** Instructions to follow **
Find the line with "June to August" in the records below. Output exactly from there until after the line with "Bell 230 Blade", without pictures.

** Provided entries **
______
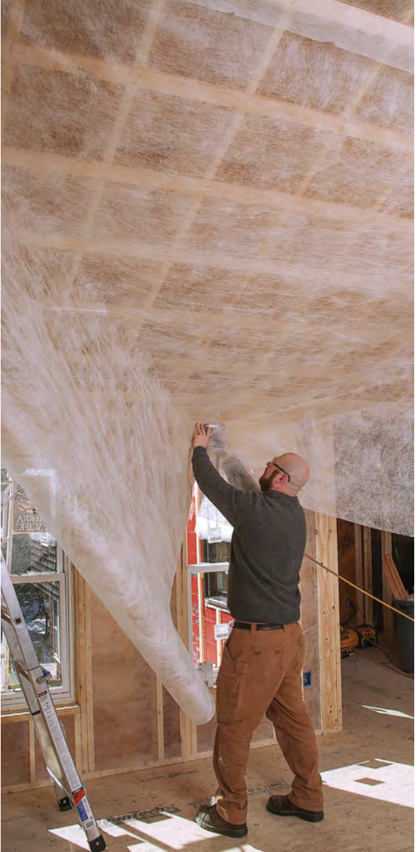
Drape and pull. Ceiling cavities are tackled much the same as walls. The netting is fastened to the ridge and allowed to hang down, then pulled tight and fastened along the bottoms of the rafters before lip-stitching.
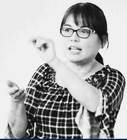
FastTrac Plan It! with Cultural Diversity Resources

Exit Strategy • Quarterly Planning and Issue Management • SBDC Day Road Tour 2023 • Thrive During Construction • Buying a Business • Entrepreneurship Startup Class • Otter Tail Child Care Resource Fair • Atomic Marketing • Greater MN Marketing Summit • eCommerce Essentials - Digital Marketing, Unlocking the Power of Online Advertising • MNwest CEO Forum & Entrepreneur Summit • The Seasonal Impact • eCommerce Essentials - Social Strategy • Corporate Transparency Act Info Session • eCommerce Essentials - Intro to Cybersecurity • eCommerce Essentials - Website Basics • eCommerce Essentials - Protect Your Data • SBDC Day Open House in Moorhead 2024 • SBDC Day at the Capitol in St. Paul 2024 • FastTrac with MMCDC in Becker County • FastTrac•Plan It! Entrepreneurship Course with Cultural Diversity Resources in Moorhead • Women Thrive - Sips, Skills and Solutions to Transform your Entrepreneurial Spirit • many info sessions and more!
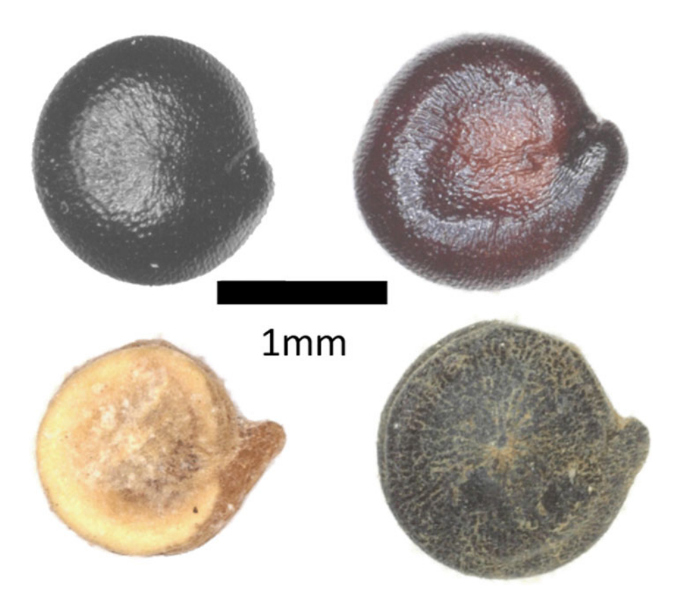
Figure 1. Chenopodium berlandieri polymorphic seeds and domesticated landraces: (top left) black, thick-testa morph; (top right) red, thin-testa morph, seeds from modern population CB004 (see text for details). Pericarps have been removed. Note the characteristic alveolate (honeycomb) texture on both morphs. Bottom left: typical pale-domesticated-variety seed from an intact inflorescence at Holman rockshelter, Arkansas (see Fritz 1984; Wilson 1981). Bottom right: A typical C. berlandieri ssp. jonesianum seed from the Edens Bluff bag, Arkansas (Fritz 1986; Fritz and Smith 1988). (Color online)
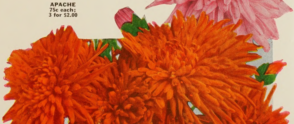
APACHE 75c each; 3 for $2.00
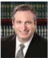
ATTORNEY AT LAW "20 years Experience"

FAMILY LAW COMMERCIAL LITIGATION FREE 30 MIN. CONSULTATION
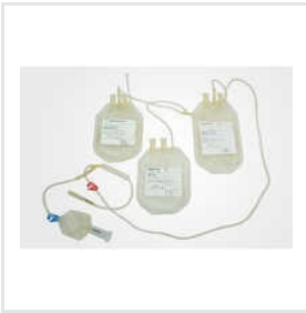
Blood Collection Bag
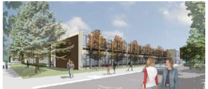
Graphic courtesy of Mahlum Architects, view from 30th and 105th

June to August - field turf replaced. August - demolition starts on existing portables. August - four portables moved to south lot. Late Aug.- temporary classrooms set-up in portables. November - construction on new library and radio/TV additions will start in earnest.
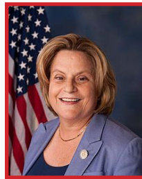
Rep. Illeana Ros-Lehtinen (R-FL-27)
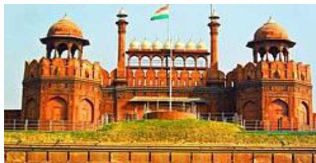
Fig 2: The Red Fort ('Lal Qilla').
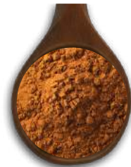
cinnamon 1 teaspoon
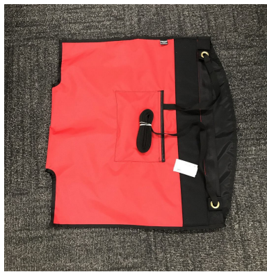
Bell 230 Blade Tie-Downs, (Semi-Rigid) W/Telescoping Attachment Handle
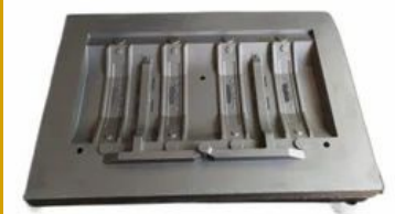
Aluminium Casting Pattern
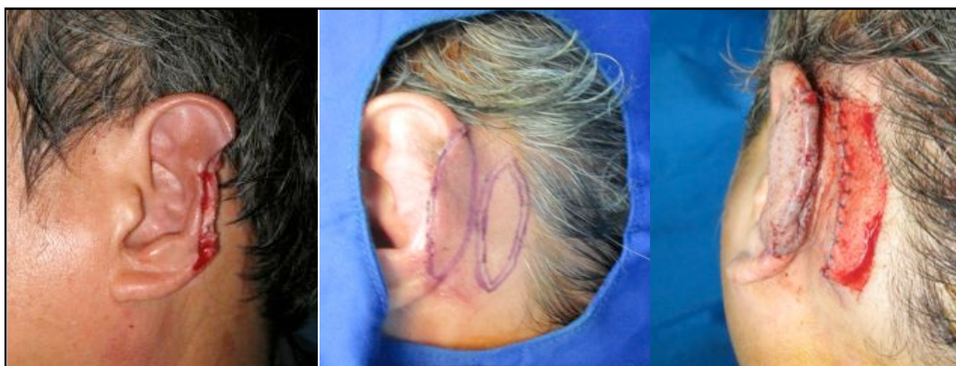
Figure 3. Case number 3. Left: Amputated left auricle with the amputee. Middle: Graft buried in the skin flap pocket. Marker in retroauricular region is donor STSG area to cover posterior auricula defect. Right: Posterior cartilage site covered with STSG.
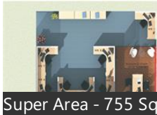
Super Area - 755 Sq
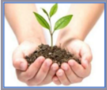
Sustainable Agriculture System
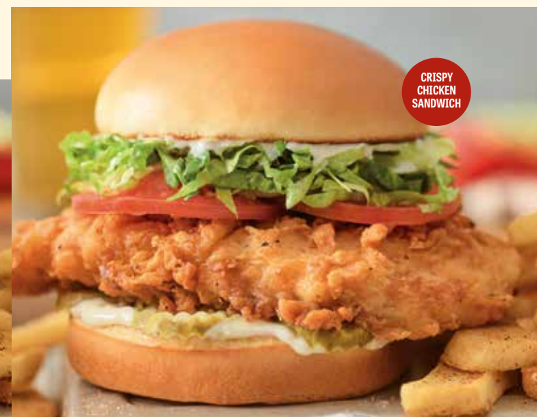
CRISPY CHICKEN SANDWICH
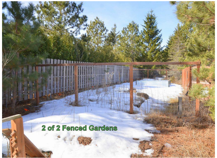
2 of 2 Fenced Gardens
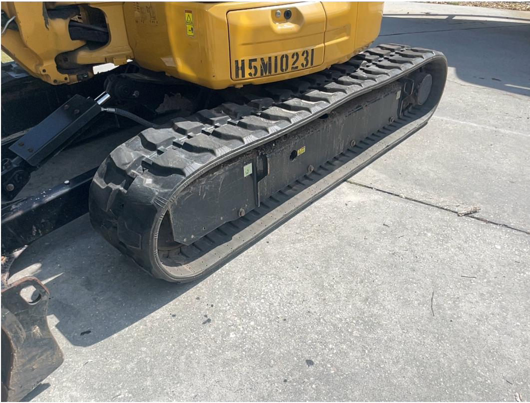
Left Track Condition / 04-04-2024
______
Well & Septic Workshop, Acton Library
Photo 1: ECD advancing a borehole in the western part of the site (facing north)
______
** Reply **
June to August - field turf replaced. August - demolition starts on existing portables. August - four portables moved to south lot. Late Aug.- temporary classrooms set-up in portables. November - construction on new library and radio/TV additions will start in earnest.
Rep. Illeana Ros-Lehtinen (R-FL-27)
Fig 2: The Red Fort ('Lal Qilla').
cinnamon 1 teaspoon
Bell 230 Blade Tie-Downs, (Semi-Rigid) W/Telescoping Attachment Handle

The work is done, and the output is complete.